During planned network maintenance, elasticsearch search cluster in eqiad lost connectivity between nodes, resulting in 17 nodes parting the cluster, and elasticsearch stopping to respond to requests for around 10 minutes (see graph).

Timeline

12:09UTC: icinga alert on elasticsearch state
12:21UTC: all primary shards allocated, secondary shards recovering (see graph)
12:40UTC: all traffic directed to codfw search cluster
17:18UTC: less than 300 secondary shard not allocated
17:18UTC: traffic switched back to eqiad cluster (except more-like, which are by design sent to codfw)
19:02UTC: all secondary shards allocated (see graph)

Conclusions

In its current configuration, elasticsearch is too sensitive to loss of networking.
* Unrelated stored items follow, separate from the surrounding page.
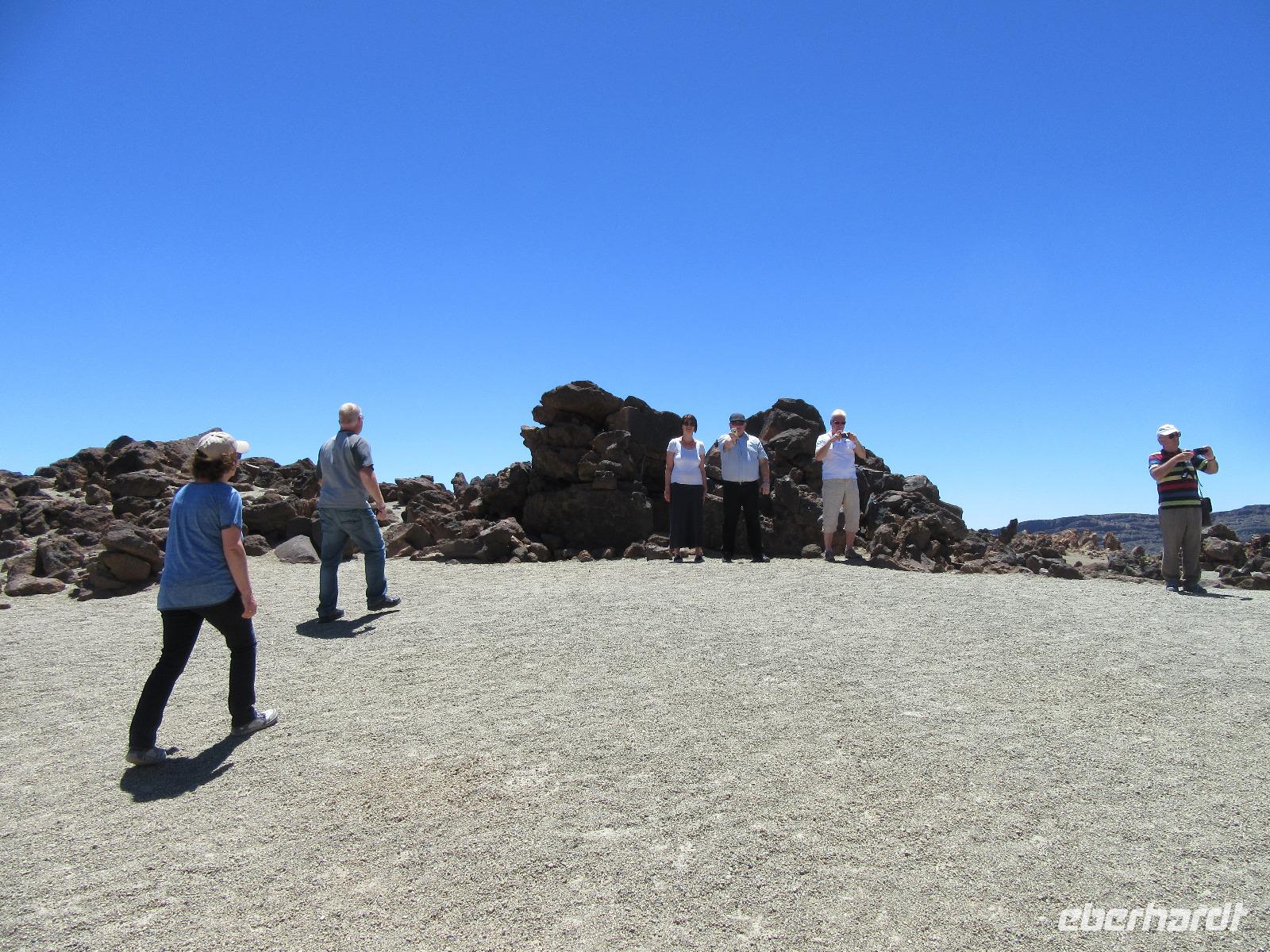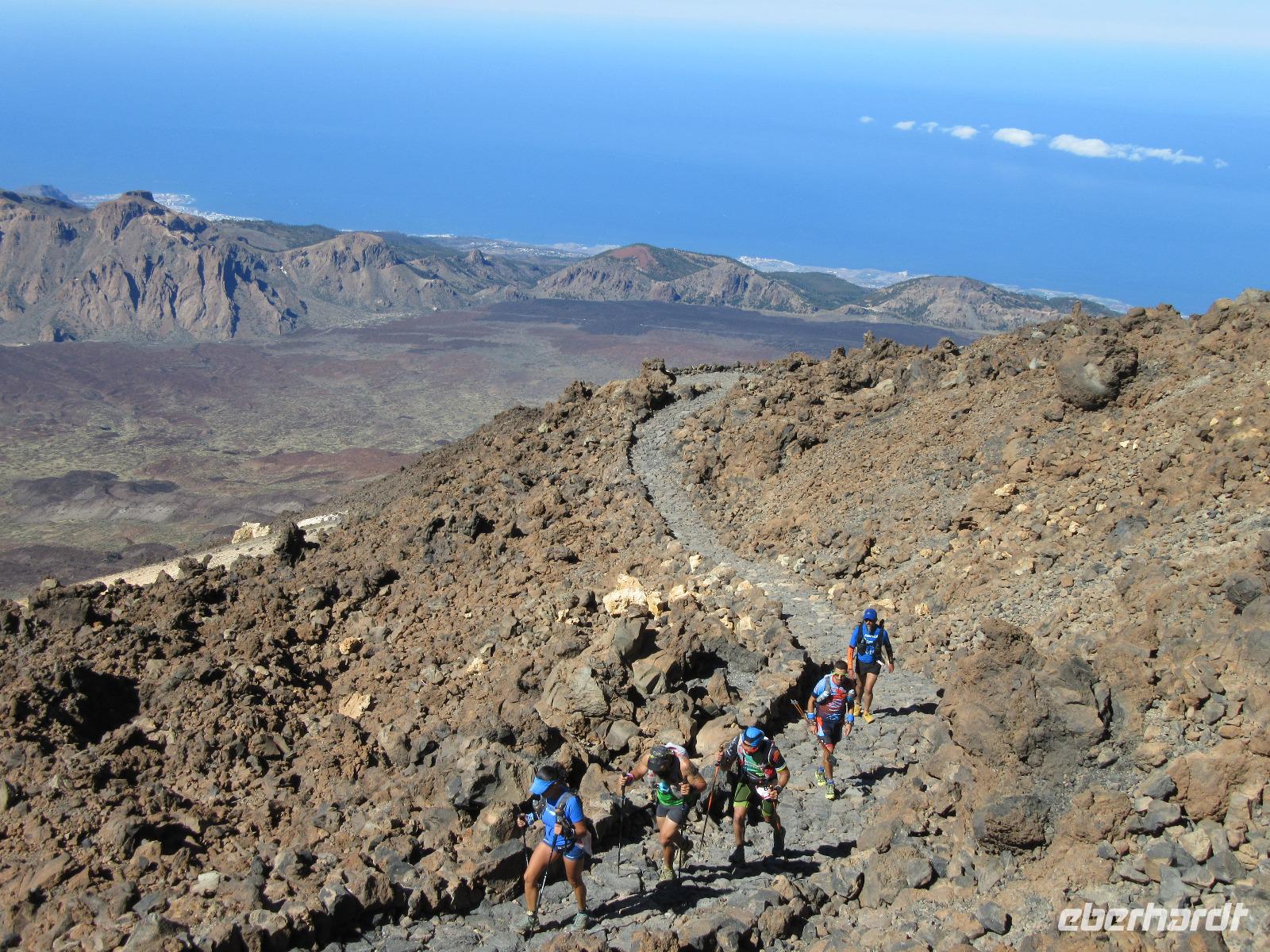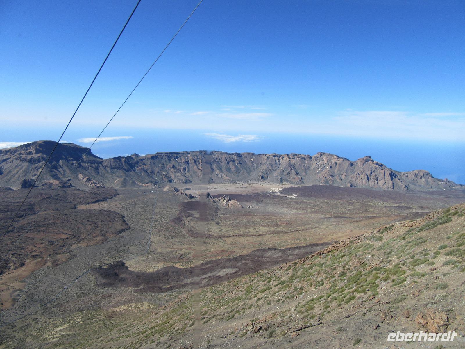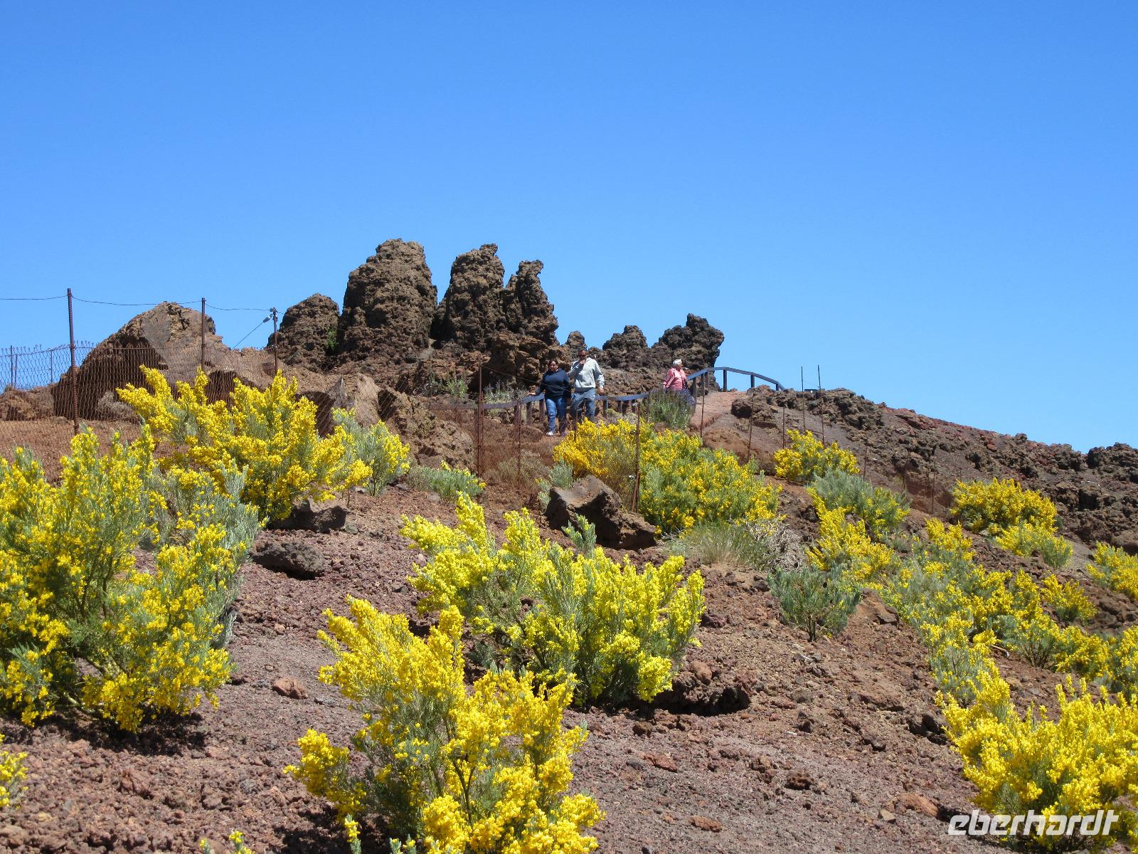Auf diesem Weg sahen wir den berühmten Königin-Schuh aus Stein und die Roques de García gegenüber dem Parador und erreichten wenig später die Seilbahn. In nur 8 Minuten ging es von einer Höhe von 2300 Meter auf 3545 Meter Höhe. Oben hatten die Möglichkeit die verschiedenen Krater zu sehen und sahen die Strecke des Blue Trail, auf dem jedes Jahr eine Vielzahl von Läufern die ganze Insel von Los Cristianos über El Teide nach Puerto de la Cruz kreuzen.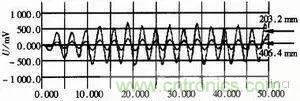 由于頻率的提高,傳輸線之間的串擾明顯增大,對信號完整性也有很大的影響,可以通過仿真來預測、模擬,并采取措施加以改善。以CMOS信號為例建立仿真模型,如圖6所示。在仿真時設置干擾信號的頻率為66MHz的方波,被干擾者設置為零電平輸入,通過調整兩根線的間距和兩線之間平行走線的長度來觀察被干擾者接收端的波形。仿真結果如圖7,分別為間距是203.2mm、406。4mm時的波形。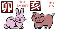 Chinese Compatibility Horoscope for Combination of Rabbit and Pig Zodiac Signs.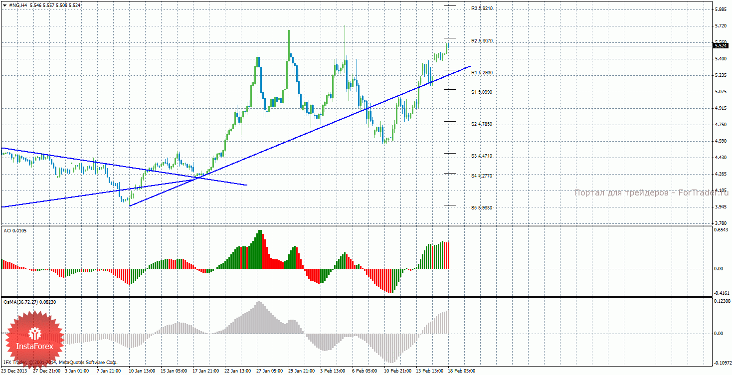 Анализ природного газа за 18 февраля показывает, что цена продолжает восходящую коррекцию и почти отработала уровень сопротивления 5,6070. На данный момент актуально нисходящее движение с целями уровни поддержки S1 — 5,0990 и S2 – 4,7850, если цена закрепится ниже уровня 5,2930. Целями для возможного продолжения восходящего движения выступают уровни сопротивления 5,6070 и 5,9210, если цена останется выше уровня 5,2930. Восходящая линия тренда больше не оказывает поддержку торгующим на повышение, цена закрепилась ниже нее, тенденция на рынке поменялась на нисходящую, но пока что она очень не устойчивая и может смениться обратно на восходящую. Индикатор Awesome показывает локальное нисходящее движение, последний закрытый бар окрашен в красный цвет. OsMA же направлен вверх, что сигнализирует о восходящем движении цены на газ в более долгосрочной перспективе. Если цена отскочит от уровня 5,6070, это может спровоцировать возобновление нисходящего движения или виток нисходящей коррекции.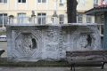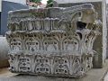 The fourth-century skeuophylakion was replaced in the fifth century by the present-day structure, a rotunda constructed of banded masonry in the lower two levels and of plain brick masonry in the third. Originally this rotunda, probably employed as a treasury for liturgical objects, had a second-floor internal gallery accessed by an external spiral staircase and two levels of niches for storage. A further row of windows with marble window frames on the third level remain bricked up. The gallery was supported on monumental consoles with carved acanthus designs, similar to those used on the late 5th-century Column of Leo. A large lintel of the skeuophylakion's western entrance – bricked up during the Ottoman era – was discovered inside the rotunda when it was archaeologically cleared to its foundations in 1979, during which time the brickwork was also repointed. The skeuophylakion was again restored in 2014 by the Vakıflar.[4]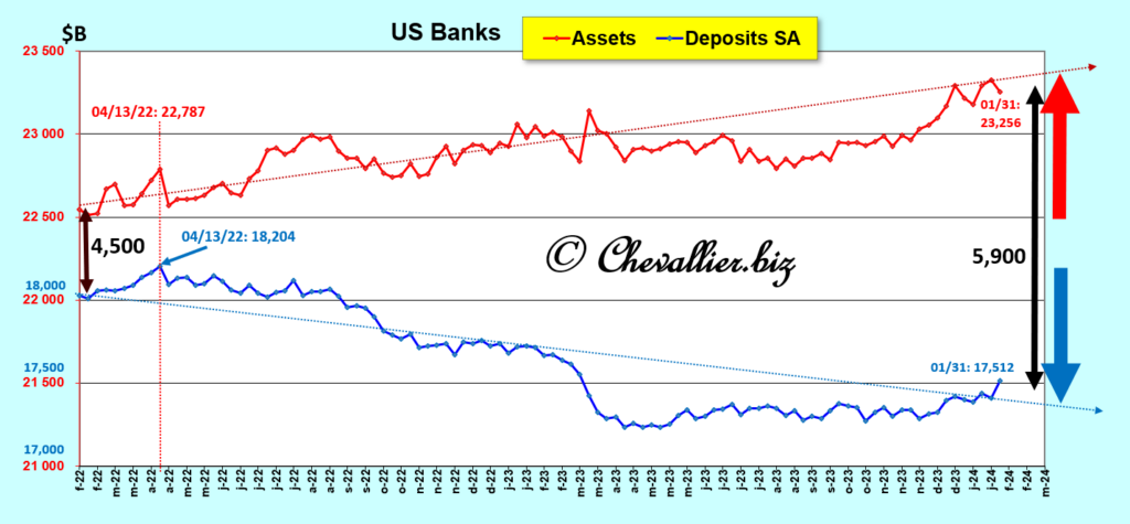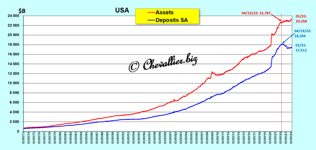 Les pertes potentielles déjà bien décelées sur les emprunts portant sur l’immobilier de bureaux sont évaluées aux alentours de 700 à 800 milliards de dollars, ce qui est là encore largement inférieur aux sorties des capitaux des clients de leurs comptes bancaires qui sont déjà de plus de… 6 000 milliards de dollars depuis février 2023 et cela sera plusse pire dans les semaines et les mois à venir !
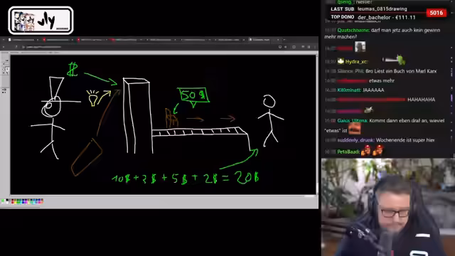 00:32:34Ein zentraler Teil des Streams ist die Erklärung der marxistischen Mehrwerttheorie anhand einer vereinfachten Paint-Zeichnung. Es wird das klassische Beispiel eines Kapitalisten mit Monokel und Zylinder und eines Arbeiters am Fließband dargestellt. Der Streamer legt dar, dass der Kapitalist die Produktionsmittel besitzt und der Arbeiter für einen Lohn arbeitet. Der Mehrwert, also der Wert, der über die Arbeitslöhne hinausgeht, wird als der Profit des Kapitalisten identifiziert. Es wird betont, dass Mehrwert nicht ideologisch, sondern messbar und das Fundament des Kapitalismus und der Ausbeutung sei. Der reformistische Ansatz, nur die Löhne zu erhöhen, wird als unzureichend angesehen, da das System der Mehrwertabschöpfung selbst das Problem sei.

This is the second time we have a similar issue. Previous analysis by discovery team was in reluctant to change default parameters in elasticsearch fault discovery, which runs the risk of not detecting faults early enough. This analysis needs to be reviewed.
As long as we don't make elasticsearch more robust to loss of connectivity, we should preemptively switch traffic away from a datacenter during maintenance.
Switching traffic took too much time. Part of it is Guillaume not being ready for this procedure, part is the procedure being too complex (a change in wmf-config).
Elasticsearch icinga alerts are too noisy. Checks on global cluster state are done for each node instead of doing it once for the cluster.

Actionables

Increase timeout and retry in elasticsearch fault detection configuration (bug T143552)
Switching search traffic between datacenters should be faster (bug T143553)
Improve elasticsearch alerting (bug T133844)